TRUMKA: I have known her for a long time.

(CROSSTALK)

MATTHEWS: But she was known to be -- Bill Clinton, of course, President Clinton was for NAFTA. It wasn`t like a big cause of his, but he did sign the bill.

TRUMKA: No, it was a big cause of his.

(CROSSTALK)

MATTHEWS: I`m trying to let him off the hook here.

TRUMKA: He had a couple of them out there that were terrible.

(CROSSTALK)

MATTHEWS: And Hillary was known to be and Bill was known to be for TPP, the Trans-Pacific one. And now she has turned back. She said it`s not the gold standard and Bill Clinton hasn`t said a word about it.

You`re comfortable with their position now, right now?

TRUMKA: Look, I think any candidate, trade has a very, very powerful effect on the electorate, not just in the Midwest, but all through the country.

People know that the trade deals that have been negotiated...

(CROSSTALK)

MATTHEWS: I know. North Philly. I have it everywhere, I know, in any big city. But how do you get back to where we were?

Everybody has a memory of their uncle and their grandfather. How do we get back to where we were, where you could come out of high school and support a family with a manufacturing job?

TRUMKA: Well, you negotiate good trade deals.

If you eliminate currency manipulation that has cost us five million jobs, Chris, you get a bunch of those jobs back, because they`re getting an unfair, artificial, illegal advantage over American producers and services.

You eliminate, we will compete...

(CROSSTALK)

MATTHEWS: OK. When you watch something like Nabisco -- he`s always talking about Nabisco or this cosmetics company moving over to England, or any -- Boeing, anybody.

Any time somebody moves to Mexico or goes to China, what do you think is going on in the heads of those CEOs? What are they thinking, cheaper labor? What are they thinking?

TRUMKA: Absolutely.

And then -- well, here is another example where Trump is a hypocrite, because while he talks about doing that, he makes 870-some products that are under his name, and they`re all made overseas, 248 of them made in China that he talks about all the time.

So he ought to -- he doesn`t have to be president to start the process. He could bring those products back right now. But what is he doing? He`s trying to get away from what he is actually doing on the ground.

MATTHEWS: OK.

Thank you, Richard Trumka. It`s always an honor to have you on.

Up next: new developments in the Brussels terror investigation, including two of right attackers plotting to assemble a dirty bomb, this as the Associated Press reports hundreds of fighters have been trained by ISIS an already sent to Europe.
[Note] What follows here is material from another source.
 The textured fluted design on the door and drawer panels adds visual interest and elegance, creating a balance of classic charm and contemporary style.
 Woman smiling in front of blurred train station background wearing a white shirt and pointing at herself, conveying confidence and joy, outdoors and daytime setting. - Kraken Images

This is HARDBALL, the place for politics.

(COMMERCIAL BREAK)

MILISSA REHBERGER, MSNBC CORRESPONDENT: I`m Milissa Rehberger. Here`s what`s happening.

French authorities say a French citizen with suspected ties to a terrorist network was arrested earlier today. The country`s interior minister says a raid at his home in Northwest Paris foiled a planned attack and that plot was in the advanced stages.
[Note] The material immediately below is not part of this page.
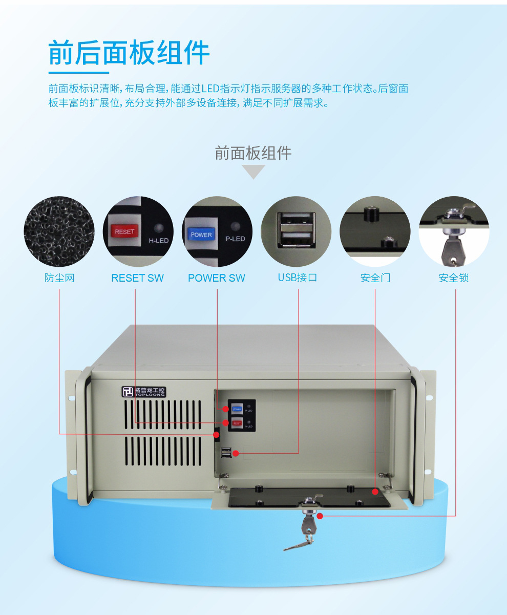 Topron TOP4502J 4U 산업 제어 서버 섀시 19 인치 산업용 컴퓨터 빈 섀시
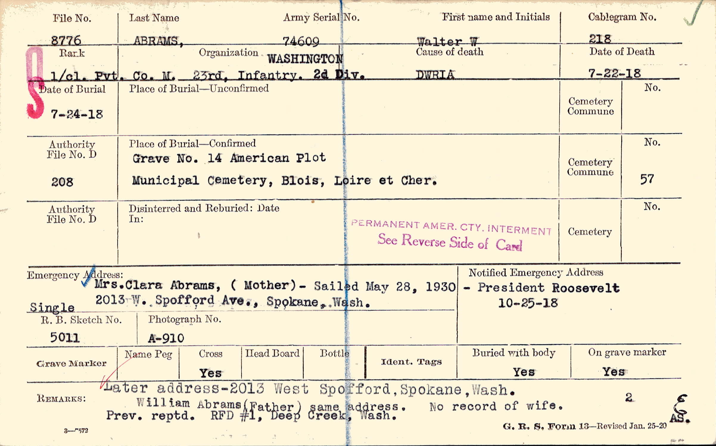 Later address - 2013 West Spofford, Spokane, Wash. William Abrams (Father) same address. No record of wife.

Meanwhile, six people have been taken into custody following a raid in Brussels. It took place at the same neighborhood where police discovered a nail bomb, explosives and an ISIS flag following this week`s attack.

And comedian, actor and former late-night TV host Garry Shandling has died at the age of 66. He was taken to an L.A. hospital earlier today -- back to HARDBALL.

MATTHEWS: Welcome back to HARDBALL.

Well, there are new signs today of just how serious and scary, if you will, the ISIS threat against the West remains.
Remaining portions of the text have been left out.